◆ **Required action**:
Your answer must be the lines from the one containing "상점가의 불빛과 벚꽃의 색이 자연스레 어울리며" through the last line below, copied exactly, with no pictures.

Supplied information Block Start

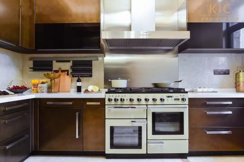 如果你亲手触摸柜体表面,会发现手感丝绸般柔润,且完全不留指纹;咖啡色的风格配合简单的金色线条,也成为整体风格的点睛之笔。作为全新的科技厨房,厨房配置了艺术设计感十足的电动上翻门,只需在柜底轻轻一触,便会自动开启,时尚感和科技感并存。
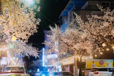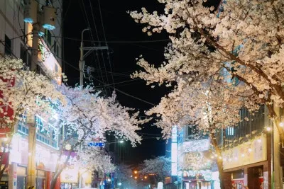 상점가의 불빛과 벚꽃의 색이 자연스레 어울리며
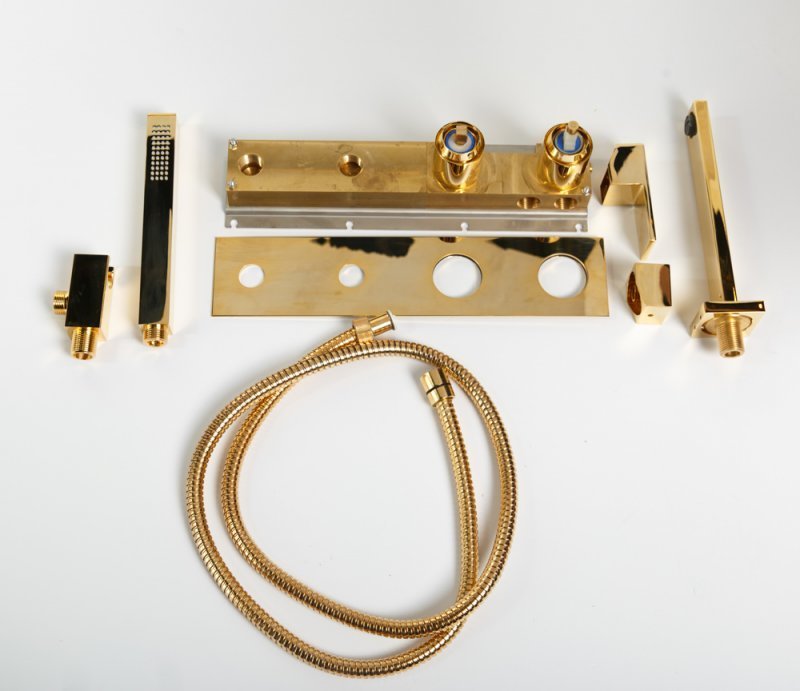 Смеситель для ванны Cezares UNIKA-VDM2-03/24, со скрытой частью и душевым гарнитуром, материал - латунь, цвет - золото.

Supplied information Block End

◆ **Solution**:
 상점가의 불빛과 벚꽃의 색이 자연스레 어울리며
 Смеситель для ванны Cezares UNIKA-VDM2-03/24, со скрытой частью и душевым гарнитуром, материал - латунь, цвет - золото.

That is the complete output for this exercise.